Ausbildung verlangt viel ab.

Dem nun angehenden Musikunteroffizier Stefan Kropf wurde allerdings bei seiner Ausbildung einiges abverlangt, wie er erzählt:  "Der erste Teil ist die ganz normale Jägerausbildung, dann folgte die spezielle Ausbildung für den Bereich der Militärmusik und schließlich in der Kaderanwärterausbildung 3 das Erlernen der Fähigkeiten zum Jägergruppenkommandanten", schildert Wachtmeister Kropf die über ein Jahr dauernde Ausbildung. Es war auch eine Zeit der Fernbeziehung für den jungen Soldaten der so wie die meisten Kaderanwärter zum Wochenendpendler wurde. "Fünf Monate Amstetten, sieben Monate Wien und vier Monate in Güssing", so Kropf, "aber ich hatte alles zuerst mit meiner Freundin besprochen, bevor ich in der Privatwirtschaft aufgehört habe und wieder eingerückt bin." Dass ihre Planungen ihrer Zukunft betreffend nicht halten würden, war ihnen durch die neuen Herausforderungen klar. "Hausausbau, Hochzeit und Familienplanung... hat sich alles etwas nach hinten verlagert. Aber meine Freundin hat mich immer sehr unterstützt“, hebt Stefan Kropf hervor.

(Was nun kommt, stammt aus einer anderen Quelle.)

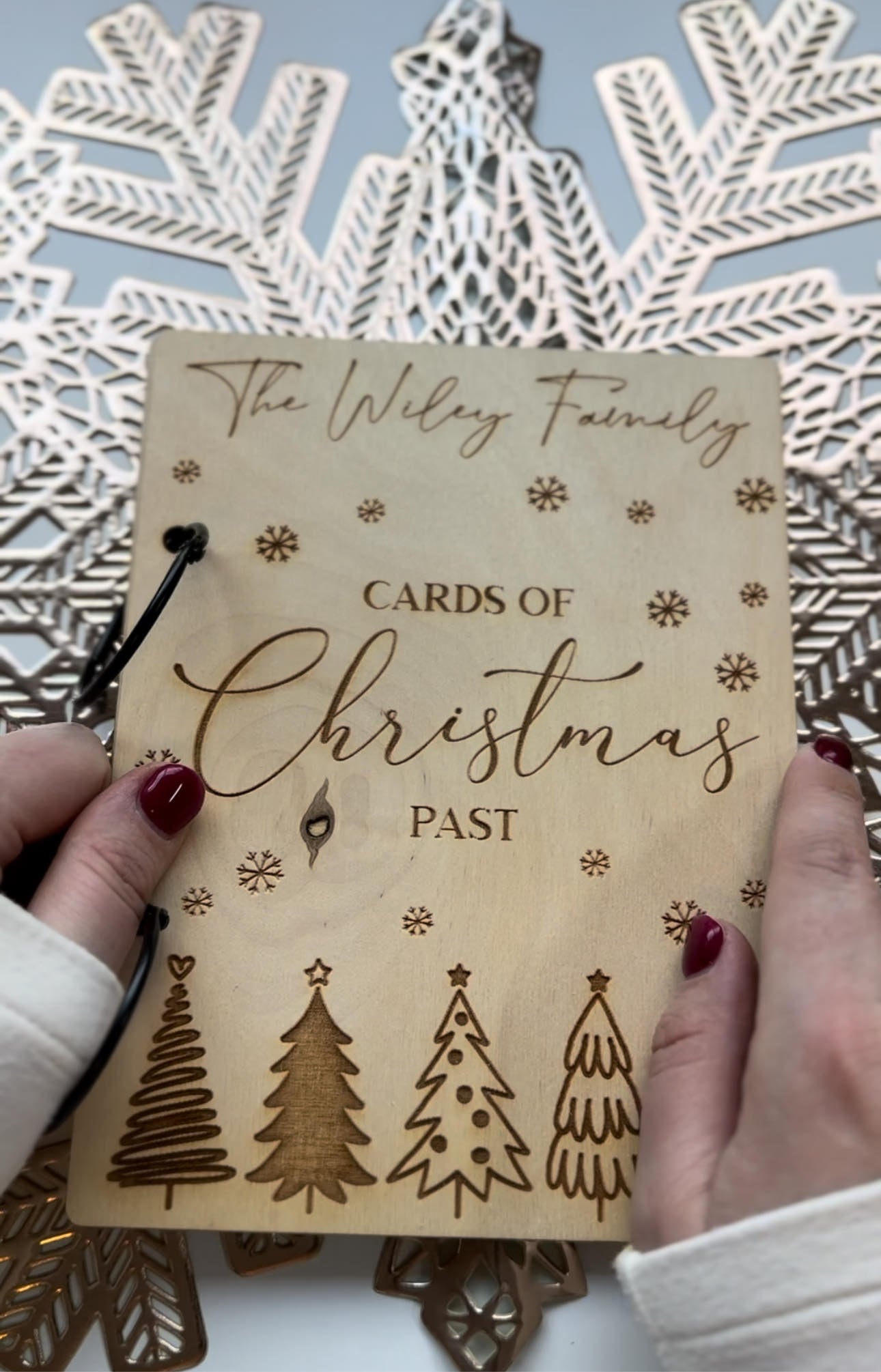 Save all your past Christmas cards in this Cards of Christmas past booklet. Personalize with your family name on top! Made from 1/8" birch and 2" black metal rings.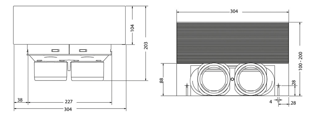 HTH Uniflexplus+ Deckenanschlusskasten 90° AK90L-D-125 mit KWL-Rohranschluss 2 x NW 75mm 11386553 99629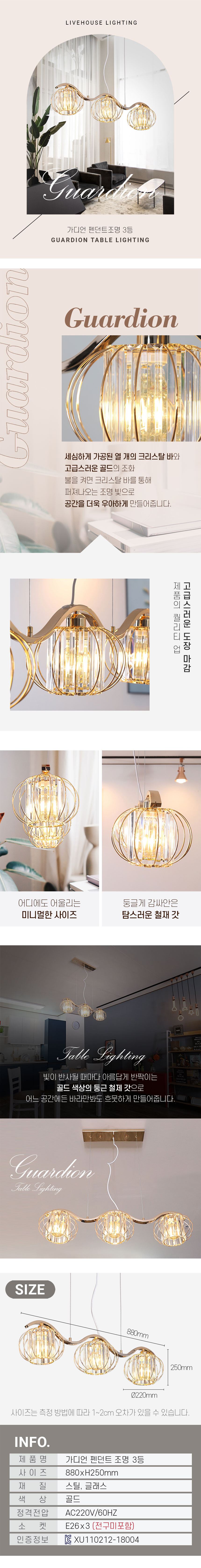 가디언 3등 인테리어 LED 펜던트 크리스탈 식탁등 카페 골드 조명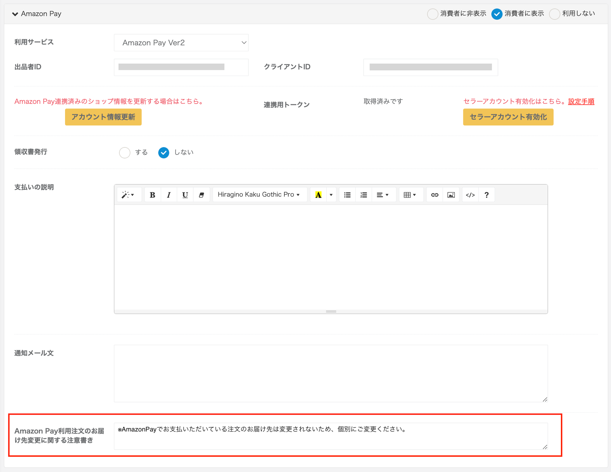 こちらはAmazon Pay画面での変更が必要となりますが、お客様によっては対応方法が分からず店舗へのお問い合わせ増につながるケースもあるため、こちらの注意書きは各事業者様ごとに変更できるよう機能を追加いたしました。

Ein genau so wichtiger Tag steht aber auch bald an, nämlich die Hochzeit. "Standesamtlich und kirchlich", sagt der junge Militärmusiker überzeugt, "wie ich das mitbekommen habe von meiner Familie." Vor allem seine Oma hätte ihm im Leben sehr viel mitgegeben. Gerne erinnert er sich daran, dass sie gerade in der Fastenzeit immer einen Rosenkranz pro Tag gebetet hatte und wenn er zuhause war, dann hat er mitgebetet. "Das hat dazugehört und Halt gegeben, "unterstreicht Kropf. Genauso sicher fällt die Antwort aus, als es um einen der entscheidenden Sätze im Eheversprechen geht "Ich will dich lieben, achten und ehren, bis dass der Tod uns scheidet". Ohne zu zögern kommt die Antwort, die nicht den geringsten Zweifel offen lässt: "Ich bin mir sicher, dass das so sein soll und ich will das so haben." Getraut wird das junge Paar von ihrem Militärpfarrer, dem oftmals die Militärmusik bei Feldmessen und Andachten den musikalischen Rahmen bietet.

Wachtmeister Kropf sieht den Einsatz der Militärseelsorge positiv. Auch sein Glaube sei wieder vertieft worden, letztlich auch durch das Miteinander und die Gestaltungsmöglichkeiten der einzelnen Liturgien. "Da sieht man das wieder mit anderen Augen. Das ist sehr positiv für mich und meine Umgebung“, so Kropf.

Als Musiker zur Soldatenwallfahrt nach Lourdes

Ein besonderes Erlebnis wird sicherlich die heurige Soldatenwallfahrt nach Lourdes werden, bei welcher die Militärmusik Burgenland die Österreichischen Pilgerinnen und Pilger begleiten wird. Dort werden dann die Musiker bei den internationalen Gottesdiensten genauso eingesetzt sein wie bei nationalen Veranstaltungen des österreichischen Kontingents.  Ein Termin, der nicht im offiziellen Programm steht, ist ein Konzert beim Hospiz vis a vis der Grotte von Massabielle und es werden mitunter die dankbarsten Zuhörer unserer Militärmusik sein:  Menschen mit besonderen Bedürfnissen,  Alte und Kranke. An Orten wie Lourdes verdichten sich Leid aber auch Hoffnung, wie bei den Kreuzwegstationen am Kalvarienberg in Hernals. Auch viele Komponisten haben sich in ihrem Schaffen mit diesen Thematiken auseinandergesetzt. Dass Musik hier helfen und begleiten könne, davon ist Stefan Kropf überzeugt.

Genauso fest ist er überzeugt, dass mit dem Tod nicht alles aus ist, sondern dass es dann weiter gehen muss: "Es kann doch nicht sein, dass es dann nur noch finster ist und nichts ist. Und ich glaube, dass wir dann alle wieder zusammen sind."